Three survivors went to the emergency room after being reportedly sexually assaulted at last weekend’s Merchants Holiday Festival in the Westman Islands. The police chief of the Westman Islands contends that such crimes are a part of large festivals, despite evidence to the contrary.
RÚV reports that three young women checked into the emergency room of the Landspítali hospital in Reykjavík to treat and investigate injuries sustained after being reportedly sexually assaulted at the festival.
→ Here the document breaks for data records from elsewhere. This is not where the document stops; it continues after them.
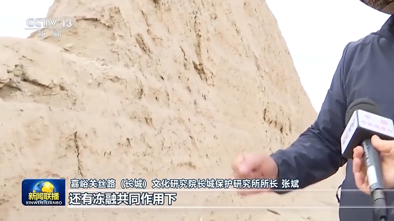 嘉峪關絲路(長城)文化研究院長城保護研究所所長 張斌:這塊就是風雪,還有凍融共同作用下,形成一個很深的掏蝕凹槽,可能掏蝕進去20多公分,所以我們通過對它進行日常維護,就是對它進行夯補,它這個墻體的穩(wěn)定性就好了。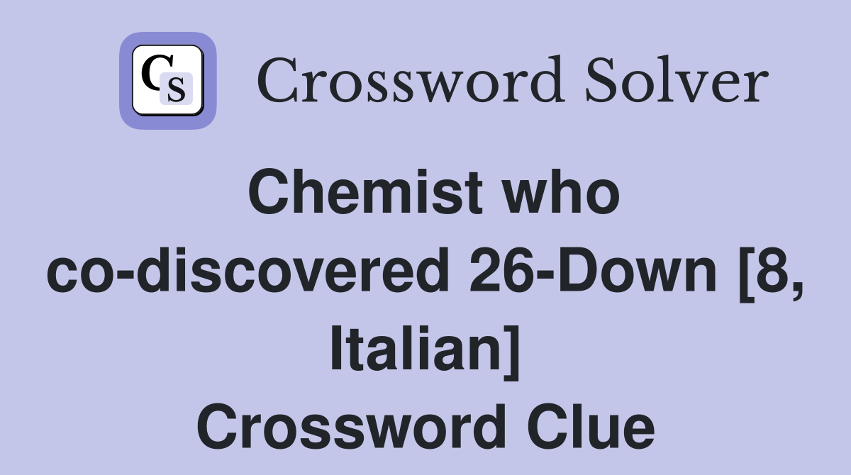Chemist who co discovered 26 Down 8 Italian Crossword Clue Answers
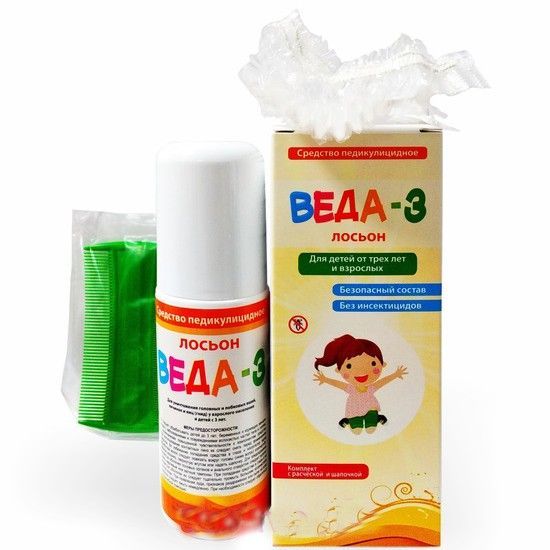В состав набора входят: лосьон Веда-3, флакон 100 мл, шапочка (для комфортного пребывания со средством на голове), расческа (для вычесывания погибших гнид).Меры предосторожности:

During this time, as reported, Westman Islands chief of police Páley Borgþórsdóttir had issued a media embargo to responders and festival staff to tell no reporters about any sexual assaults which might happen at the festival.
In fact, the Westman Island’s police blotter goes into detail about arrests made due to overdrinking, fights, and drug possession – but not sexual assault.
In response to the news of the sexual assaults, Páley told Vísir that while the sexual assaults were “dead serious”, they are also unavoidable.
“Unfortunately, when so many people get together, and this is in all societies, these things happen,” she said. “Whether it’s a national festival or the middle of the week some place out in the countryside, they happen.”
However, it bears noting that at this year’s Eistnaflug Music Festival – in which some 3,000 people were in attendance – there were no reported sexual assaults or other violent crimes.
The Journalists’ Union of Iceland has harshly criticised the media embargo, issuing a statement to the effect.
“This attempt at silencing that is put forward is completely out of touch with the central point of view that an informed and open discussion in a democratic society must be supported,” the statement reads in part. “We encourage all police officers and other responders to report on assaults, sexual assaults or otherwise which are known to happen at this festival, openly, and with the public good in mind.”